Your challenge is to make a woman be a consummate soldier without saddling her with a bunch of male attributes. Fighting, killing, courage, and self-sacrifice are not the purview of only men. You need a woman that wants to be a woman in her culture, that wants to bear and raise children, that doesn't mind sharing her husband and sees a mistress as sharing the load in keeping him happy. In many such cultures the women aren't jealous because they depend on their husband's socially-enforced honor in his commitment to provide for his wife (or wives) and children; and they never expected the husband to be faithful. It isn't only China; check out the Old Testament; the male religious leaders were promiscuous as hell and never punished for it.

But at the same time, your character needs some driving reason to become a soldier, to protect something she holds dear (a principle or actual property or persons). And the mental traits that allow her to do what no other women do; defy the traditions she loves and fight, because she thinks those traditions will be lost if she doesn't step up. But once that war is won, she can lay down her sword, and become the traditional woman she wanted to be all along.

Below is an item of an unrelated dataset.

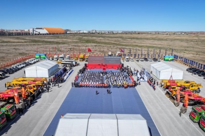 2025年5月14日拍摄的中蒙甘其毛都至嘎顺苏海图铁路建设开工仪式(无人机照片)。新华社发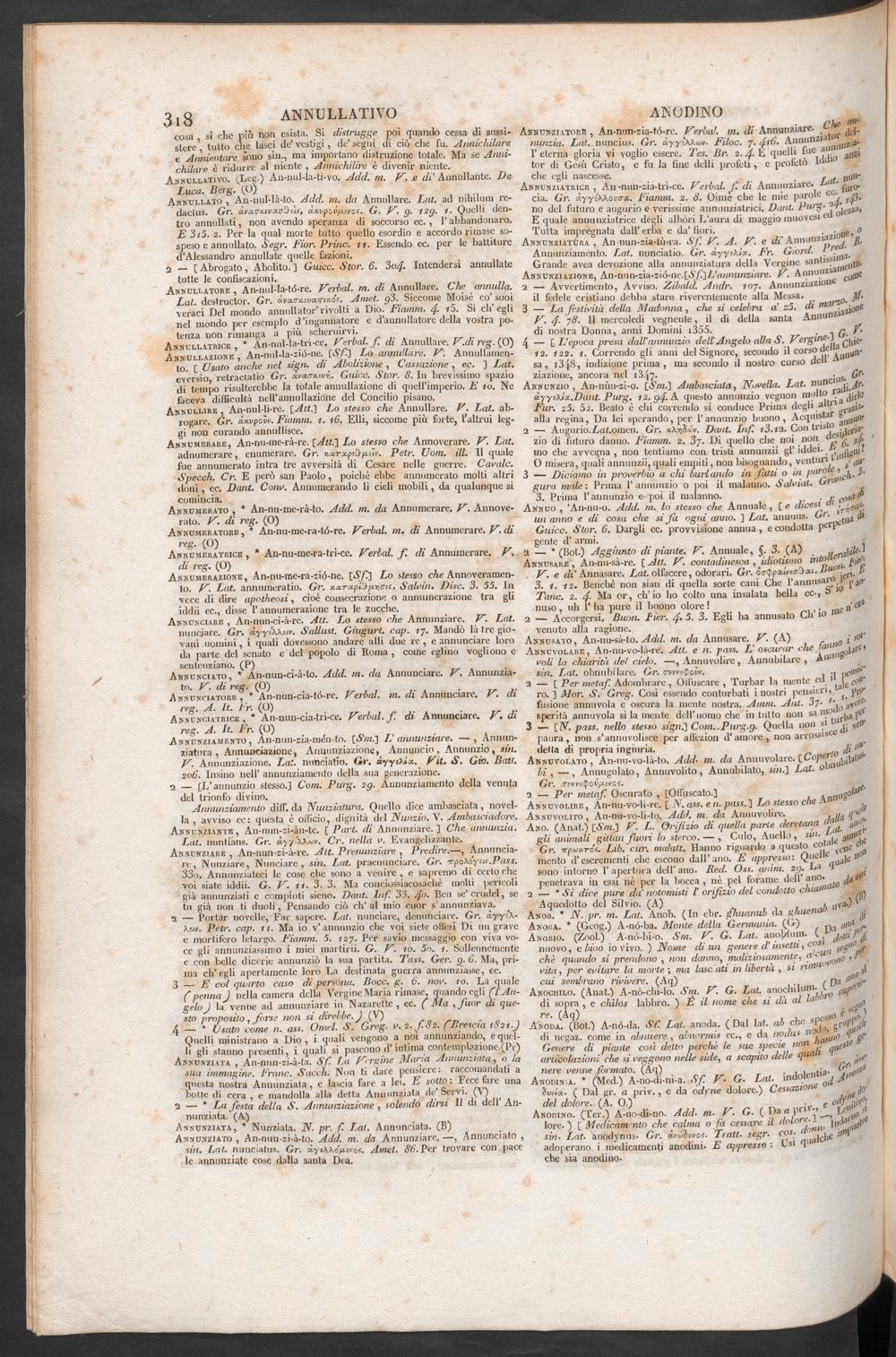 Annunziare , An-nun-si-à-re. Alt. Prenunziare , Predire .—, Annuncia-re, Nunziare, Nunciare, sin. Lai. praenunciure. Gr. fpo\tym.Pass.33o. Annunziateci le cose che sono a venire , e sapremo di certo chevoi siate iddìi. G. V. 11. 3 . 3 . Ma conciossiacosaché molti pericoligià annunziati e compiuti sieno. Dant. Inf. 33 . 4 n - Ben se ’ unnici, setu già non ti duoli, Pensando ciò eh’ al mio cuor s' annunziava.

That is the nature of the internal struggle you need to portray, in her thoughts and to show in her actions. Yes, she fights, but when she is not fighting she does not behave as a man, she behaves as a women. Buffy wants to live the cliché pretty high school girl's life. She is denied that by the necessity of being a hero and saving the world, but she never becomes a man! Your character is similar, and needs to thread the same needle.